Ms Kirschenmann, what should governments do in times of a banking crisis?
Our main finding is that government interventions such as the increase in implicit deposit guarantees through capital injections, debt guarantees or the nationalization of banks in trouble and the increase in the explicit deposit insurance limit can be effective measures in calming down depositors and stabilizing the financial system.
Have these measures been implemented successfully?
Karolin Kirschenmann: During the financial crisis of 2008/2009 the Belgian government intervened early and quickly in the banking sector by both increasing explicit deposit insurance coverage and implementing implicit deposit insurance arrangements. The measures adopted were effective in calming down investors.

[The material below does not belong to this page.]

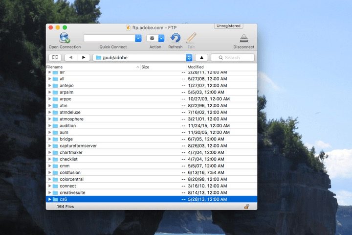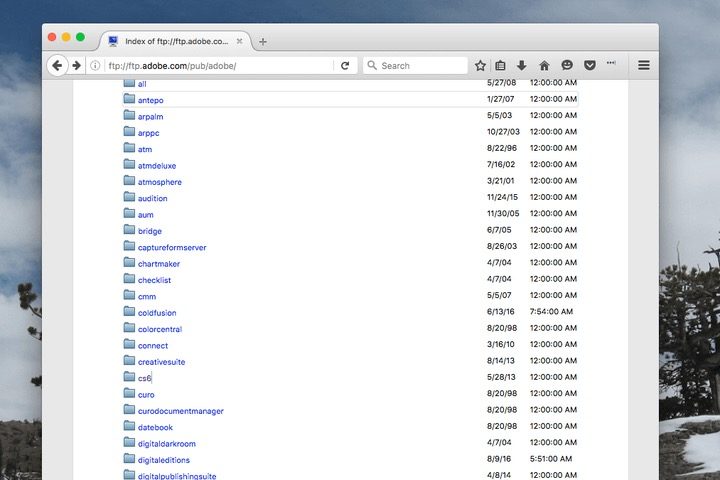 Puedes tener una idea de esto al navegar en un servidor FTP público. Por ejemplo, Adobe ofrece descargas de todo su software a través de FTP para los clientes que poseen software como Photoshop con una clave de producto válida, pero que no tienen a la mano su CD de instalación. Los navegadores como Chrome y Firefox también admiten la exploración de servidores FTP (aunque no la carga de archivos).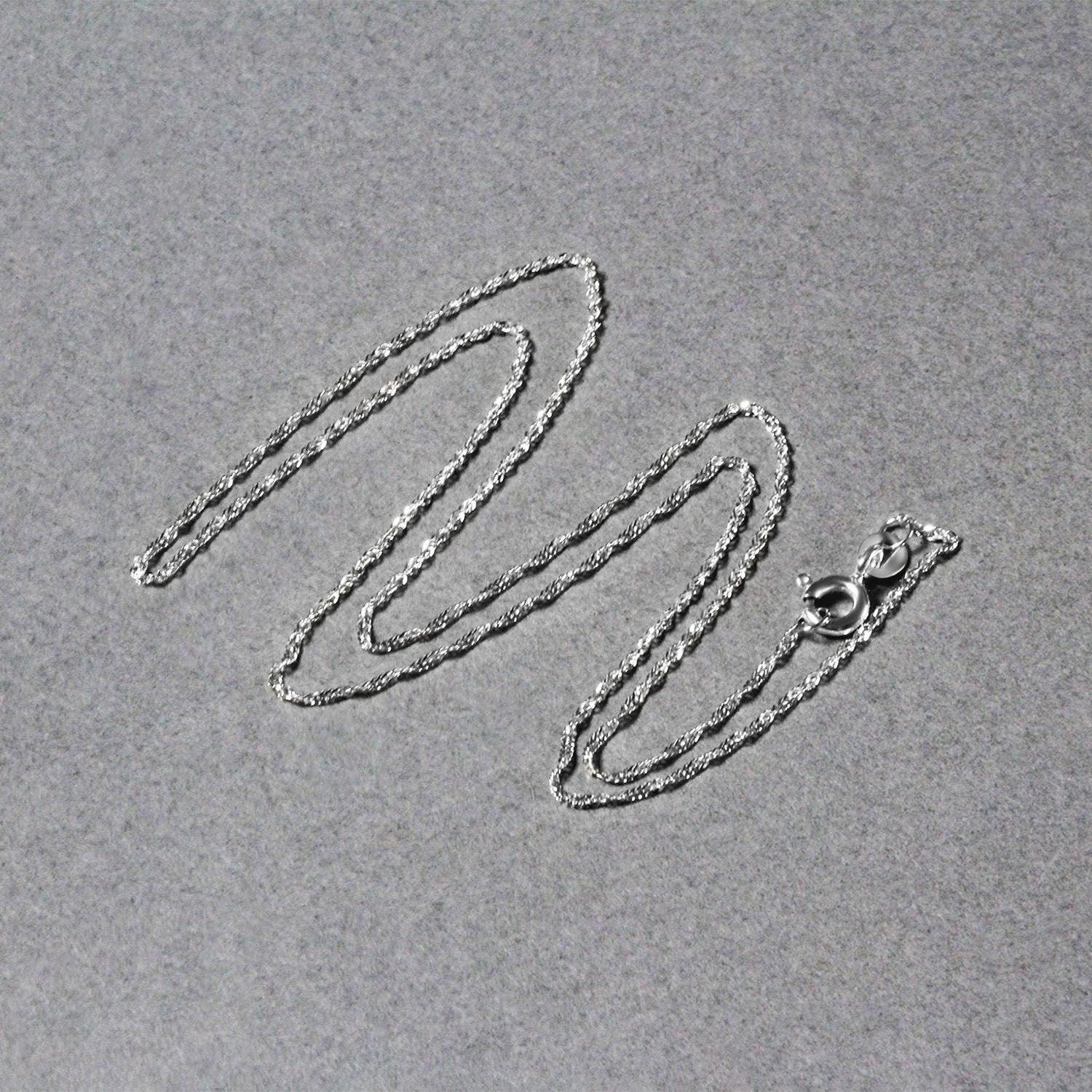 This Singapore chain comes in 14k white gold and has a width of 1.10 millimeters.

The results of our research also indicate that people are aware of and understand these interventions. Close depositor-bank relationships modulate the effects of such government interventions. Depositors with close bank relationships run less on their bank in the first place so that we conclude that close depositor-bank relationships help stabilize bank liquidity in crisis times.
Based on your findings, what are your recommendations to policy makers and bankers how to manage and prevent financial turbulence?
Karolin Kirschenmann: First of all, our findings indicate that government interventions can stabilize the banking system in crisis times. Secondly, our findings indicate that political trust seems to generally boost the effectiveness of the studied government interventions. It is therefore important for governments to not squander political trust too easily, lest not to dent the effectiveness of two crucial stabilization policies in times of banking crises.
Third, for such interventions to work, depositors need to understand and be aware of the existing deposit insurance frameworks. As such, our results underpin the importance of financial education. It is therefore highly valuable that, for instance, the German Finance Ministry and the German Ministry for Education and Research have launched a joint initiative to improve financial literacy in Germany.
Our results are also important for bankers themselves because they confirm that strong depositor-bank relationships help stabilize bank liquidity in crisis times. It is therefore still sensible for banks to invest in good client relationships.